Looking in indexes: https://pypi.org/simple, https://us-python.pkg.dev/colab-wheels/public/simple/
Collecting findspark
  Downloading findspark-2.0.1-py2.py3-none-any.whl (4.4 kB)
Installing collected packages: findspark
Successfully installed findspark-2.0.1


In [4]:
import findspark
findspark.init()

In [5]:
!which python3


/usr/bin/python3


In [6]:
import sys
print(sys.executable)


/usr/bin/python3


In [15]:
from pyspark.sql import SparkSession
spark = SparkSession.builder.appName('myAppName') \
    .config('spark.executorEnv.PYTHON_EXECUTABLE', '/usr/bin/python3') \
    .getOrCreate()
sc = spark.sparkContext


In [16]:
print(sc.getConf().get('spark.executorEnv.PYTHON_EXECUTABLE'))

None


In [17]:
python_exec = sc.getConf().get('spark.executorEnv.PYTHON_EXECUTABLE')
print(python_exec)

None


In [21]:
from pyspark.sql import SparkSession

spark = SparkSession.builder \
    .appName("my_app") \
    .config("spark.driver.memory", "8g") \
    .config("spark.executor.memory", "8g") \
    .getOrCreate()


## Flow: 


In [None]:
from IPython.display import Image
Image(url="https://drive.google.com/u/0/uc?id=12AWXzV0JAdP0uZeo7lrdt6_v3Po19bL9")

### 1. We can start with reading file from HDFS, processing 

In [None]:
import pyarrow as pa
import pyarrow.csv as csv
import pandas as pd

# Define the HDFS file path
hdfs_path = 'hdfs://my_cluster:8020/my_file.csv'

# Create a PyArrow HDFS filesystem object
fs = pa.hdfs.connect()

# Open the HDFS file as a memory buffer
with fs.open(hdfs_path) as file:
    buffer = pa.BufferReader(file.read())

# Read the CSV data from the memory buffer using PyArrow
table = csv.read_csv(buffer)

# Convert the PyArrow Table to a Pandas DataFrame
data = table.to_pandas()


### and dumping on HBase from pandas 
 https://happybase.readthedocs.io/en/latest/user.html example table.put('2',{'f1': 'hey'})

In [None]:
import happybase
import pandas as pd

# Load data into a Pandas DataFrame
data = pd.read_csv('my_data.csv')

# Create a connection object to HBase
connection = happybase.Connection('localhost', port=9090)

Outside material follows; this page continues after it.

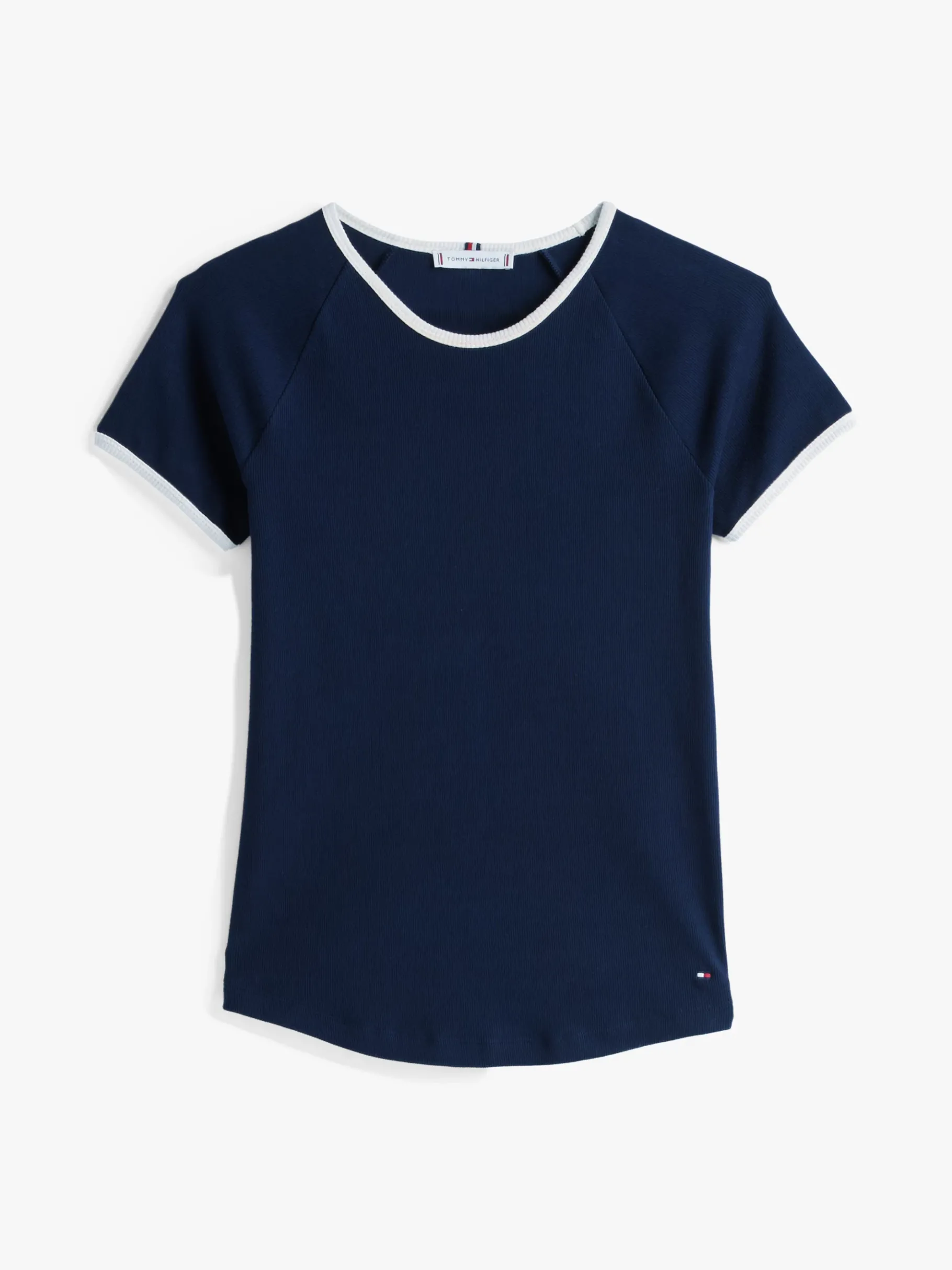 Dank Kontrast-Einfassung an Kragen und Bündchen bringt dieses Slim Fit Ringer-T-Shirt Retro-Vibes in deine Outfits.

# Create a table object in Happybase
table_name = 'my_table'
column_family = 'my_cf'
table = connection.table(table_name)

# Iterate over the rows in the Pandas DataFrame
for _, row in data.iterrows():
    # Extract data from the row
    row_key = row['my_key_column']
    data_dict = {
        f'{column_family}:{column}': str(row[column])
        for column in data.columns
        if column != 'my_key_column'
    }
    
    # Write the row to HBase
    table.put(row_key, data_dict)


### 2. then we retrieve values with this example below

In [None]:
import happybase
from pyspark.sql import SparkSession

# Create a HBase connection object
connection = happybase.Connection('localhost', port=9090)

# Create a table object
table = connection.table('my_table')

# Retrieve data from HBase table
data = []
for key, values in table.scan():
    row = {}
    row['key'] = key
    for column, value in values.items():
        row[column.decode('utf-8')] = value.decode('utf-8')
    data.append(row)

# Convert HBase data to PySpark DataFrame
spark = SparkSession.builder.appName('HBase to PySpark').getOrCreate()
df = spark.createDataFrame(data)

# Print PySpark DataFrame
df.show()


### 3. we use this spark dataframe for model training and evaluation 
### 4. we dump data back to HBase with this example below

In [None]:
import happybase
import pickle
from pyspark.ml.classification import LogisticRegression
from pyspark.ml.evaluation import BinaryClassificationEvaluator
from pyspark.ml.feature import VectorAssembler
from pyspark.sql import SparkSession

# Train a logistic regression model in Spark
spark = SparkSession.builder.appName('Logistic Regression').getOrCreate()
data = spark.read.csv('my_data.csv', header=True, inferSchema=True)
assembler = VectorAssembler(inputCols=['feature1', 'feature2'], outputCol='features')
data = assembler.transform(data)
train, test = data.randomSplit([0.7, 0.3])
lr = LogisticRegression()
model = lr.fit(train)
predictions = model.transform(test)
evaluator = BinaryClassificationEvaluator()
auc = evaluator.evaluate(predictions)

# Serialize the results
results = {'auc': auc}
serialized_results = pickle.dumps(results)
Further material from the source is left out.